Assignment:
In the records below, find the line with "아래 동의 및 설치 버튼을 클릭합니다." and the line with "Bradley Hall passionately"; return exactly those lines and every line between them.

Dataset entries:
◇ ◇ ◇

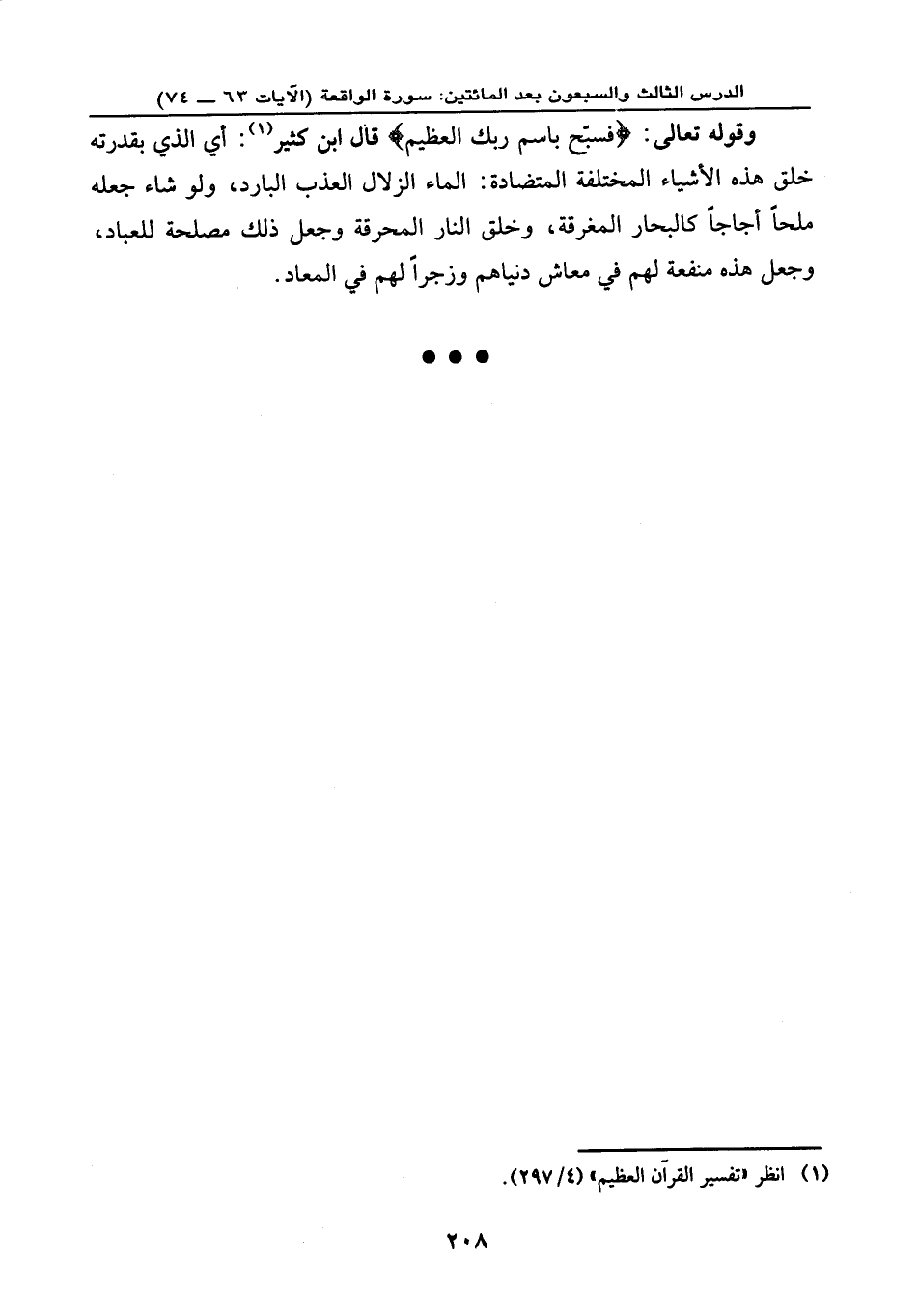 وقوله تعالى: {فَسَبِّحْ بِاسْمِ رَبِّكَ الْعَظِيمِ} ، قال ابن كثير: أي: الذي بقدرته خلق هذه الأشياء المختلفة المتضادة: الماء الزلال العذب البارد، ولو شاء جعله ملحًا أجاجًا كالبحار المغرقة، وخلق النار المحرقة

◇ ◇ ◇

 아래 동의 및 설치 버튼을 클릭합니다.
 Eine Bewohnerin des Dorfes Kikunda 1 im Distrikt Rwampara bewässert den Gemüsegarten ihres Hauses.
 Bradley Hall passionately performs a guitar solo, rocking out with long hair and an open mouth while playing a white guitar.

◇ ◇ ◇

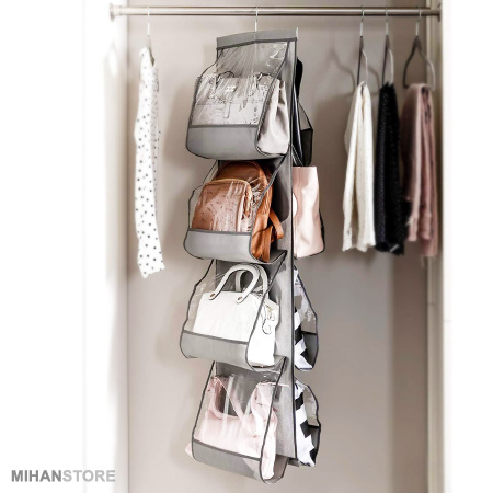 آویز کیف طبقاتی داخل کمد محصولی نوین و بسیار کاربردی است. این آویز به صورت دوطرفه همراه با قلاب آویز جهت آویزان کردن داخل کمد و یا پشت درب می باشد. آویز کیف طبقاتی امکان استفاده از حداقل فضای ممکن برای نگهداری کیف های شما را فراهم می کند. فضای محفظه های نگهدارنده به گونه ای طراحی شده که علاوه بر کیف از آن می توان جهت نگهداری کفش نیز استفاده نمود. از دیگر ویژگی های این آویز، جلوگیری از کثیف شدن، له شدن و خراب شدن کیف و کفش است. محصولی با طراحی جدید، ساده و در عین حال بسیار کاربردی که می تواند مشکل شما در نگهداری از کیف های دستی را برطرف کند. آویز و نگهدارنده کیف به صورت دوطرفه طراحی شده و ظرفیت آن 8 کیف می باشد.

◇ ◇ ◇

Solved problem:
 아래 동의 및 설치 버튼을 클릭합니다.
 Eine Bewohnerin des Dorfes Kikunda 1 im Distrikt Rwampara bewässert den Gemüsegarten ihres Hauses.
 Bradley Hall passionately performs a guitar solo, rocking out with long hair and an open mouth while playing a white guitar.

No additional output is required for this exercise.